In: Finance
A non negative NPV itself indicates that the value of net present value is to be zero.
Costs incurred = $78,000
This costs in incurred immediately i.e. it is incurred at the beginning.
Cost of capital is the return earned by company by investing in some investment.

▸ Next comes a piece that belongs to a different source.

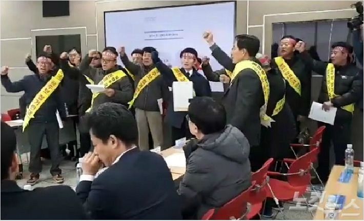 26일 금강 공주보 처리를 위한 민·관협의체 회의에서 농민단체 등 민간위원들이 "공주보 해체를 결사반대한다"는 구호를 외치고 있다. (사진=고형석 기자)
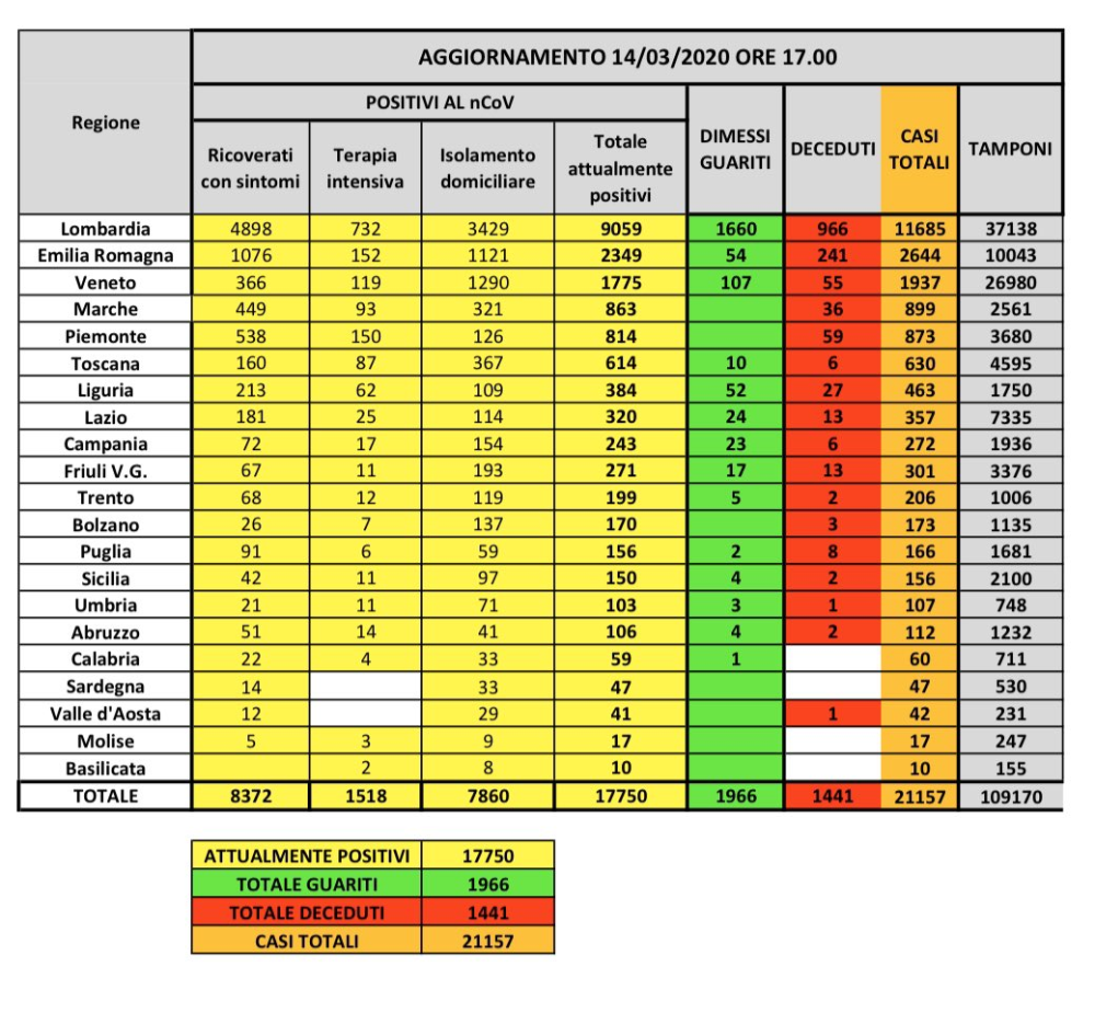 Het totaal aantal doden in Italië bedraagt 1.441.

Cost of capital indicates that company will earn this return after investing in some specific risk.
Cost of capital = 6.6%
Now, we have to calculate how much is the minimum amount of dollar needs to be sold in order to get non negative NPV.
It means if company invested $78,000 at the beginning at rate of return of 6.6%, how much it should earn so that it,s NPV should be non negative.
Calculation of NPV:
Let, Sale value be x dollar amount which is to be earned.
Year | Particulars | Discounting Factor | Discounted Amount (Present Value) |
0 | Immediate cost incurred = $78,000 | 1 | $78,000*1=$78,000 |
1 | Annual revenue earned= $x | 0.9381 | $x * 0.9381= 0.9381x |
Net present value being taken as zero as given.
Net present value = (-)$78000 + 0.9381x
0 = - $78,000+0.9381x
$78,000 = 0.9381x
$78,000/0.9381 = x
83146.79 = x
Therefore x = $83,146.79.
Hence we need to sell minimum $ 83,146.79 in order to get non negatuve NPV @ 6.6%.